Records supplied –
---

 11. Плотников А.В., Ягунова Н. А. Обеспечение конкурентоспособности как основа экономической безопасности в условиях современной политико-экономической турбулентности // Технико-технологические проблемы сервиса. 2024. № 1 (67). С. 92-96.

---

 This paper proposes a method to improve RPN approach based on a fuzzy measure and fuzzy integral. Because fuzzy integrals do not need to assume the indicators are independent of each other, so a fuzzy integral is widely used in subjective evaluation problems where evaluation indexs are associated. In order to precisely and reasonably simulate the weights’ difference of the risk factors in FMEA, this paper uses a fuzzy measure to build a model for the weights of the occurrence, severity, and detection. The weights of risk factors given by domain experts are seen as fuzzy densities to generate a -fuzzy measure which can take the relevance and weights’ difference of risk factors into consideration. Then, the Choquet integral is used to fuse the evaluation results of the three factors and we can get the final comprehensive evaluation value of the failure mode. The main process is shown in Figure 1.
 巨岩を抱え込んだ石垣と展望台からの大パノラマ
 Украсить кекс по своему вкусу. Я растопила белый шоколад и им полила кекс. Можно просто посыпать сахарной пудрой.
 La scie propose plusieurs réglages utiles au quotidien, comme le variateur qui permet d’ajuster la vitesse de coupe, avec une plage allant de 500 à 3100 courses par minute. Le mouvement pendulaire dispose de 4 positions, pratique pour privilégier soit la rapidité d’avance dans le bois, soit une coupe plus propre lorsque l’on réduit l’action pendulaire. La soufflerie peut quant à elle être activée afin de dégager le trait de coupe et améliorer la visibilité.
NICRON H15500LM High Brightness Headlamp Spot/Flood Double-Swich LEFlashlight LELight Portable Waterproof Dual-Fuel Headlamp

---

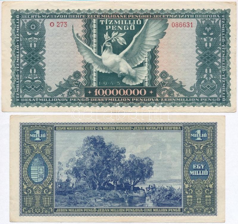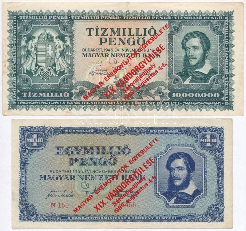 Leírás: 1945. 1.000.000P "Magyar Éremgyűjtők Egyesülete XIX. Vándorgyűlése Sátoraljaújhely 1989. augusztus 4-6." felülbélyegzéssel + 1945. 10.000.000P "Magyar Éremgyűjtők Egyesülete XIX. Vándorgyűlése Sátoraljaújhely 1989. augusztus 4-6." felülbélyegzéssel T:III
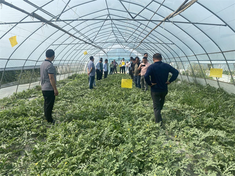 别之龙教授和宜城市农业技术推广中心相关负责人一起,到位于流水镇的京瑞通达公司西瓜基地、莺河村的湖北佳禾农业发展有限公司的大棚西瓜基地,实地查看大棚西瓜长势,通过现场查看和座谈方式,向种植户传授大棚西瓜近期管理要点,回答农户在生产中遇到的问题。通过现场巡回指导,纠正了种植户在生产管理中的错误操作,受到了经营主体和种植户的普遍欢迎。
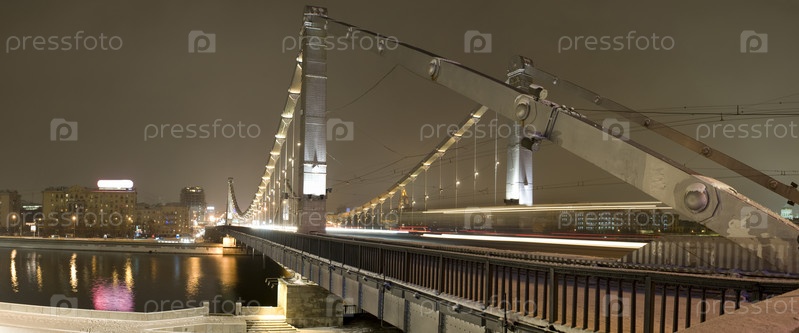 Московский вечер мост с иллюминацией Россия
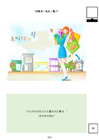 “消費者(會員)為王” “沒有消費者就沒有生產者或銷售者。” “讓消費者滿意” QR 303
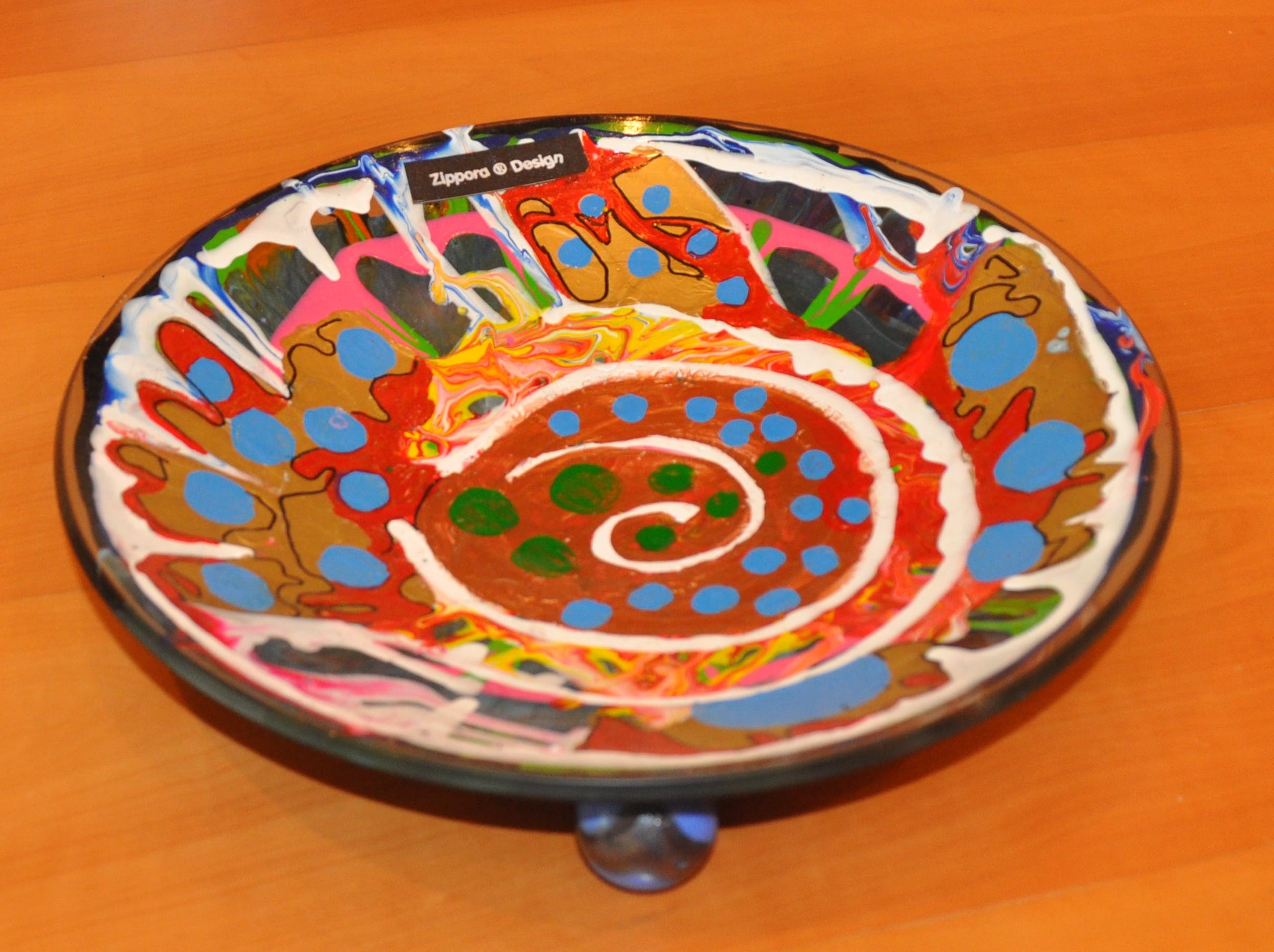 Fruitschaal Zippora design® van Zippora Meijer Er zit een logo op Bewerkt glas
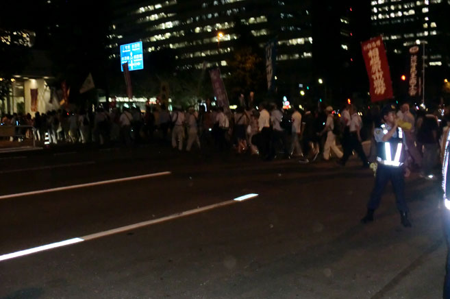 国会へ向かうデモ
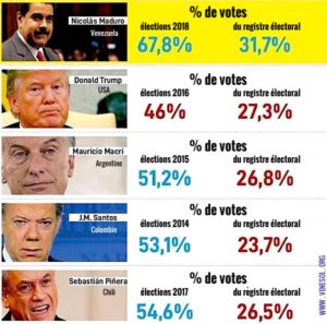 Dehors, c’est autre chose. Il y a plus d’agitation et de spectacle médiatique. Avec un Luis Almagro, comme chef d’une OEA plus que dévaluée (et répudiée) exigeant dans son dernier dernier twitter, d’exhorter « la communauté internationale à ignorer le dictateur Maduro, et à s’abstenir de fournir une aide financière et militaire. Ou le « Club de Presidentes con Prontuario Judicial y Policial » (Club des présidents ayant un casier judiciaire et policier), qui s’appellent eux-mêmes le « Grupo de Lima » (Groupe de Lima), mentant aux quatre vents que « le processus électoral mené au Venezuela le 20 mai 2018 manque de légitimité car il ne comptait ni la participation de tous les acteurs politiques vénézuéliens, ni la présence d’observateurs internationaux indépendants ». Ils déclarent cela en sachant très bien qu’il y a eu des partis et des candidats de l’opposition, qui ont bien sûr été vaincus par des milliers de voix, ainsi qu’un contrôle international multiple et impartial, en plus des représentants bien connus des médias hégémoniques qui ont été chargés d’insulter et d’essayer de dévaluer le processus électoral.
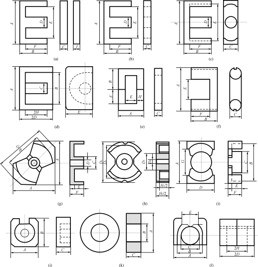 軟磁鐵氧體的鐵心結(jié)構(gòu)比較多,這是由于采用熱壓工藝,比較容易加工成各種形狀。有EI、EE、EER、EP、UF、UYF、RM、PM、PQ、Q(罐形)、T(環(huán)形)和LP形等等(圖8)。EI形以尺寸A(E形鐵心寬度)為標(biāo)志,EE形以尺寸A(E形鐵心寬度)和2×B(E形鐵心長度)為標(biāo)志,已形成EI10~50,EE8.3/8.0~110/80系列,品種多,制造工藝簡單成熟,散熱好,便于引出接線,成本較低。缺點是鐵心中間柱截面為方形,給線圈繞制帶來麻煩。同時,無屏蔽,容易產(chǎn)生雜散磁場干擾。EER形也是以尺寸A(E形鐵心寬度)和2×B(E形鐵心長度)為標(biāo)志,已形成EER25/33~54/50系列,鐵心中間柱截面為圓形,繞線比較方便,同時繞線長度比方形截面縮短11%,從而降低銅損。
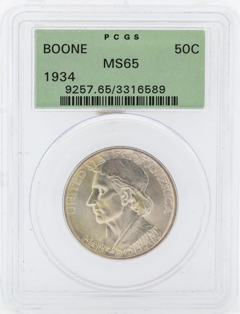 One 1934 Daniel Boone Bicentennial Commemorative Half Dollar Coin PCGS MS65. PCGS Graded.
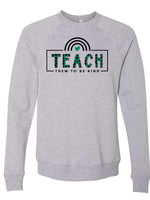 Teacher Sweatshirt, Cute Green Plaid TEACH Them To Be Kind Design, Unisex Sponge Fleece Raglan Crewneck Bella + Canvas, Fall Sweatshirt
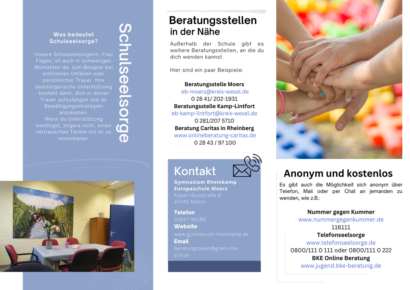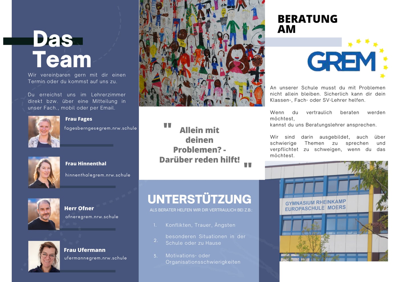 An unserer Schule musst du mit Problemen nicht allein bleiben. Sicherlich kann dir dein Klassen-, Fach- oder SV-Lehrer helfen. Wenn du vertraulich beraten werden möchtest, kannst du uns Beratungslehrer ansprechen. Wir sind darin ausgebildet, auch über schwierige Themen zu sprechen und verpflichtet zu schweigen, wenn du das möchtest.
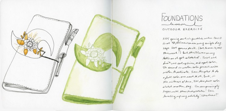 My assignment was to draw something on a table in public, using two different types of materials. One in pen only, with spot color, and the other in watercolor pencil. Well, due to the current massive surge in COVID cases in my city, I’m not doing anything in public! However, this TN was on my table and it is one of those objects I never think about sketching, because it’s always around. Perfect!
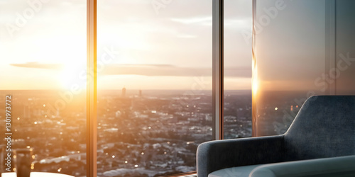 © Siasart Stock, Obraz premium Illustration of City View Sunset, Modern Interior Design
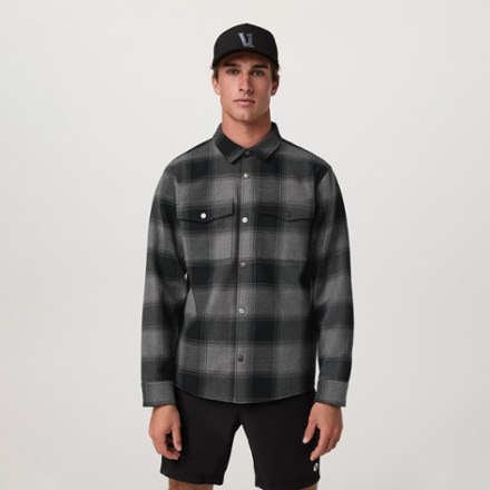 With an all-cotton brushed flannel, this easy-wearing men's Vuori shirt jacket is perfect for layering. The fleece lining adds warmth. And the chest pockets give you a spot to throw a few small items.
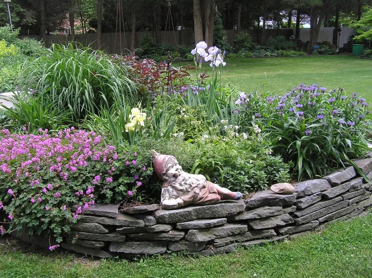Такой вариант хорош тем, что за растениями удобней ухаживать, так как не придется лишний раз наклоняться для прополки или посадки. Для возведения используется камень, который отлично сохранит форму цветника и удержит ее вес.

---

Task instructions –
Repeat exactly, and only, the entries from the line with "别之龙教授和宜城市农业技术推" through the line with "Dehors, c’est autre". Pictures are skipped.

Answer box –
 别之龙教授和宜城市农业技术推广中心相关负责人一起,到位于流水镇的京瑞通达公司西瓜基地、莺河村的湖北佳禾农业发展有限公司的大棚西瓜基地,实地查看大棚西瓜长势,通过现场查看和座谈方式,向种植户传授大棚西瓜近期管理要点,回答农户在生产中遇到的问题。通过现场巡回指导,纠正了种植户在生产管理中的错误操作,受到了经营主体和种植户的普遍欢迎。
 Московский вечер мост с иллюминацией Россия
 “消費者(會員)為王” “沒有消費者就沒有生產者或銷售者。” “讓消費者滿意” QR 303
 Fruitschaal Zippora design® van Zippora Meijer Er zit een logo op Bewerkt glas
 国会へ向かうデモ
 Dehors, c’est autre chose. Il y a plus d’agitation et de spectacle médiatique. Avec un Luis Almagro, comme chef d’une OEA plus que dévaluée (et répudiée) exigeant dans son dernier dernier twitter, d’exhorter « la communauté internationale à ignorer le dictateur Maduro, et à s’abstenir de fournir une aide financière et militaire. Ou le « Club de Presidentes con Prontuario Judicial y Policial » (Club des présidents ayant un casier judiciaire et policier), qui s’appellent eux-mêmes le « Grupo de Lima » (Groupe de Lima), mentant aux quatre vents que « le processus électoral mené au Venezuela le 20 mai 2018 manque de légitimité car il ne comptait ni la participation de tous les acteurs politiques vénézuéliens, ni la présence d’observateurs internationaux indépendants ». Ils déclarent cela en sachant très bien qu’il y a eu des partis et des candidats de l’opposition, qui ont bien sûr été vaincus par des milliers de voix, ainsi qu’un contrôle international multiple et impartial, en plus des représentants bien connus des médias hégémoniques qui ont été chargés d’insulter et d’essayer de dévaluer le processus électoral.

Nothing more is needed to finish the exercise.